Retail news from around the globe
PVH cuts forecast on tariff fears
PVH Corp has cut its annual profit forecast by US10¢ a share as it grapples with tariffs, slowing retail growth and a strong US dollar.
Following the announcement last week, shares immediately fell by almost 12 per cent, despite first-quarter revenue having risen 1.8 per cent to US$2.36 billion ($3.41 billion).
PVH, formerly formerly known as the Phillips-Van Heusen Corporation, is a US clothing company that owns brands such as Van Heusen, Tommy Hilfiger, Calvin Klein, IZOD, Arrow, Warner’s, Olga, True & Co and Geoffrey Beene.
Earlier this month, US President Donald Trump escalated the trade war by raising tariffs on US$200 billion worth of Chinese goods to 25 per cent from 10 per cent. This was in addition to the 25 per cent tariff on US$50 billion worth of Chinese imports already in place.
PVH sources a majority of its apparel, footwear and accessories from China. In 2018, the company imported about US$400 million of inventory from the country.
Surf’s out for Abercrombie
Abercrombie & Fitch has forecast second-quarter sales below estimates, amid slowing demand for Hollister, the surf-themed brand that has fueled company growth over the last two years.
The company also said it would close three flagship stores, including a Hollister store in SoHo, New York City, incurring about US$45 million of lease-related charges in the second quarter.
Chief executive officer Fran Horowitz said fashion missteps at Hollister in Asia and the company’s failure to take full advantage of major promotional events on platforms such as China’s Tmall had hurt international sales, which fell 6 per cent.
Tariffs on Chinese goods are also an issue for Abercrombie.
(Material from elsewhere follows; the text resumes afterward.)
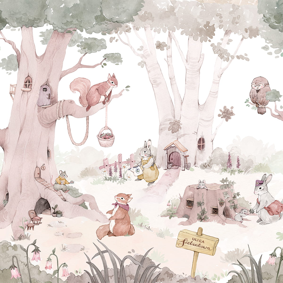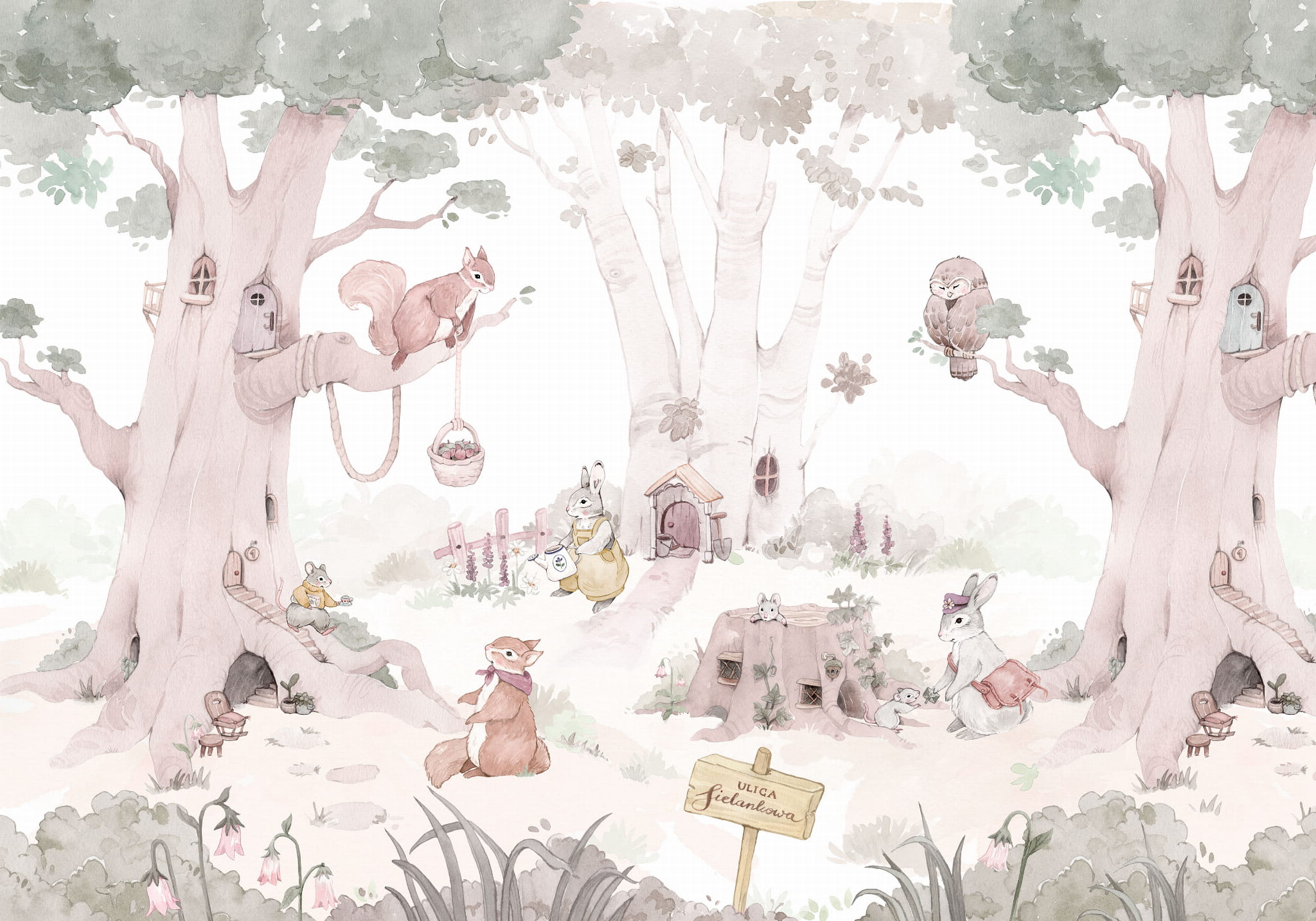 Tapeta leśna przedstawia scenkę, gdzie panuje radość, spokój i bezpieczeństwo. To również ulubione miejsce zabaw dzieci, w którym mogą rozwijać kreatywne myślenie oraz wspólnie z rodzicami czytać ulubione bajki. Tapeta wyróżnia się ogromną dbałością o detale oraz przyjazną, łagodną paletą barw.
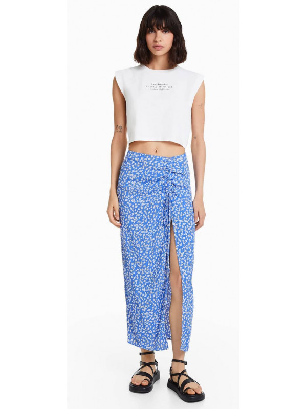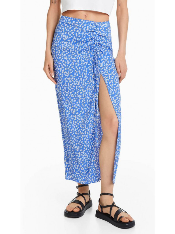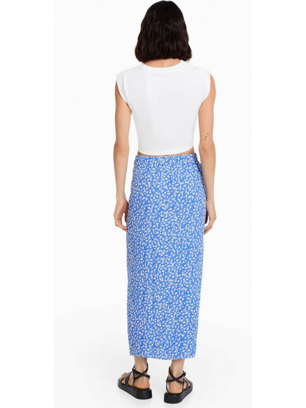 Юбка Bershka Floral Print Midi, синий

Last financial year, about 25 per cent of its globally sourced merchandise was imported from China, but Horowitz said the company was working to bring that down to 20 per cent this year.
Bed Bath & Beyond strikes deal
Struggling US home goods retailer Bed Bath & Beyond says it has reached an agreement with a group of activist investors that has been pushing for sweeping changes to its board and management.
The investor group had been piling on pressure since March, when it started demanding a new CEO and presented its own line-up of 10 directors.
But earlier this month, long-time chief executive officer Steven Temares stepped down and last week several other changes were made to the board, including four new independent directors, causing the investor group to withdraw its own slate.
Pepkor revenue disappoints
South African retailer Pepkor Holdings, formerly Steinhoff Africa Retail, has reported a smaller-than-expected 7 per cent rise in first-half revenue, as cash-strapped shoppers and the shift of Easter to April this year hit demand for clothing and general merchandise.
Retailers are struggling in South Africa as an increase in value-added tax, unemployment, and higher fuel and utility prices have reduced consumers’ appetite for spending.
Pepkor’s revenue for the six months ended March came in at 35.3 billion rand ($3.46 billion) compared with 33 billion rand in the same period last year, while operating profit before capital items rose 25.2 per cent. On a comparable basis, profit was up 6.9 per cent in the period.
Alibaba eyes Hong Kong listing
Alibaba, the Chinese multinational conglomerate holding company specialising in e-commerce, retail, internet and technology, is considering raising as much as US$20 billion ($29 billion) through a listing in Hong Kong in the second half of this year.
The move would follow the company’s record US$25 billion float in New York in 2014.
The Hong Kong deal would be the biggest follow-on share sale in seven years globally, according to Reuters, and would give Alibaba a war chest to keep investing in technology – a priority for China as growth flags and as the world’s second-largest economy is locked in a mounting trade war with the US.
While advisers and others close to the deal downplayed any trade war reasoning for the move, analysts said the context and geography could not be ignored.
“For Chinese companies listed in the US, one has to prepare a contingency plan,” said Hao Hong, head of research at broker BOCOM International.
Tycoon charged over assault
British retail tycoon Philip Green has been charged with four counts of misdemeanor assault in the US after an Arizona pilates instructor accused him of repeatedly touching her inappropriately, Britain’s Press Association has reported.
The billionaire chairman of Arcadia Group, Green, 67, is accused of spanking the instructor and grabbing her buttocks at the Canyon Ranch resort in Tucson in 2016 and 2018, according to the Pima County Attorney’s Office.
Green’s group operates some of the best-known clothing store chains in the UK and Ireland, including Topshop, Topman, Miss Selfridge and Dorothy Perkins.
The charges carry a sentence of up to 30 days in jail and a US$500 fine, the PA reports, citing Lauren Deakin, a deputy in the prosecutor’s office. Pima County court records posted online showed Green was due to appear for an arraignment hearing for the four charges on June 19, but the full criminal complaint was not immediately available.